With security now topping the priority lists of organizations using application services to monitor and maintain their applications, F5 Networks moved to update its security services.
“Historically, we’re an application delivery controller,” says Mike Convertino, CISO of F5 Networks. “That puts us right in front of these applications as they reside in data centers. It’s a very natural transition for us to talk about securing those apps.”
“We’re the gateway to the apps, which is the gateway to the data everyone is trying to protect,” he adds.
Today, organizations are increasingly using service chaining as a core part of their network operations. Service chaining uses software-defined networking (SDN) to create chains of connected services (web application firewalls, intrusion prevention systems, email and endpoint security, etc.) that enable the use of a single network connection for different services with different characteristics.
This allows you to automate the way virtual networks can be set up to handle traffic flows, depending on the source, destination or type of traffic. You might dynamically route traffic through a FireEye appliance that sits inline with an ERP-type application, or through a Cisco IronPort appliance inline with email traffic.

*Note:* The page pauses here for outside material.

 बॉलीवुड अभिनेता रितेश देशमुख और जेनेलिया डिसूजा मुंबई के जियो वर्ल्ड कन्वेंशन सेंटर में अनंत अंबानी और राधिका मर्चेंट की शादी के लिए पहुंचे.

To help automate this process, and to offload the burden of encryption/decryption from individual devices, F5 Networks has introduced Herculon SSL Orchestrator.

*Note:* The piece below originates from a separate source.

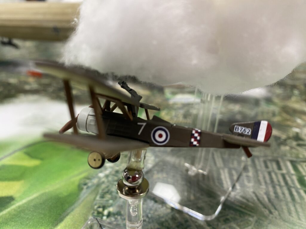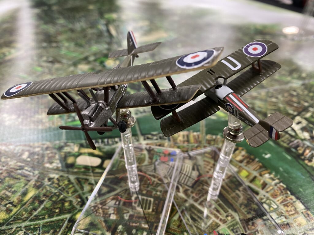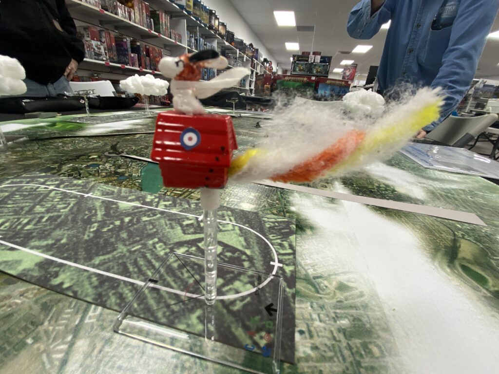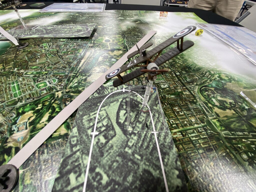 For this game the Famed WWI Flying Ace on leave from the front was called upon to pitch in and help with patrol duties due to a shortage of pilots. He grabbed a nearby Sopwith Camel and took up his post to help defend the city.

“It provides that context-aware dynamic service that allows us to chain different devices into the path, depending on what the service is,” Convertino says. “It does the decryption and reassembly on the other end.”
By eliminating the need for individual appliances to have encryption/decryption capabilities, Convertino says it will push down infrastructure costs — appliances capable of handling encryption/decryption tend to be much beefier and more expensive.
“Aside from being really expensive to have to buy all these appliances, you’ve still got all these boxes to manage,” he says. “It’s expensive from the point of view of the purchase of discrete devices and it’s expensive from the point of view of management.”
To provide a multilayered defense against volumetric and pervasive DDoS attacks, F5 Networks has introduced a new managed service: Herculon DDoS Hybrid Defender. It integrates high-performance hardware with the intelligence of offsite cloud scrubbing via F5 Networks’ Sliverline cloud-based application services platform.
Convertino says the hybrid approach improves time to mitigation in scenarios where website and application availability are crucial to customer interactions and profitability. It can be deployed inline or in out-of-band mode, and F5 says it provides comprehensive DDoS coverage through behavioral analytics, with sub-second attack mitigation and visibility into sophisticated application-layer attacks.
Citing the paucity of experts with the skills to effectively initiate, provision and scale app protection services, F5 Networks also announced Silverline WAF Express, cloud-based application security-as-a-service. It’s a pre-configured, self-service offering built on Silverline. Customers can select which applications they want Web Application Firewall (WAF) services applied to, and F5 manages security policies behind the scenes to protect apps from threats ranging from OWASP attacks to parameter tampering and bots.
Convertino says that F5’s Security Operations Center experts engage and maintain policies, including monitoring, app attack mitigation and analytics for applications hosted in the public or private cloud, as well as the datacenter.
F5 has also added Security Incident Response Team (SIRT) services, available to all F5 security customers. SIRT services are intended to identify threats and deliver an immediate response to mitigate or neutralize potentially harmful activities and protect business operations.
Finally, to complement the products and services, F5 Labs brings together a team of security industry experts and researchers to gather global threat intelligence, analyze application threats and publish related findings.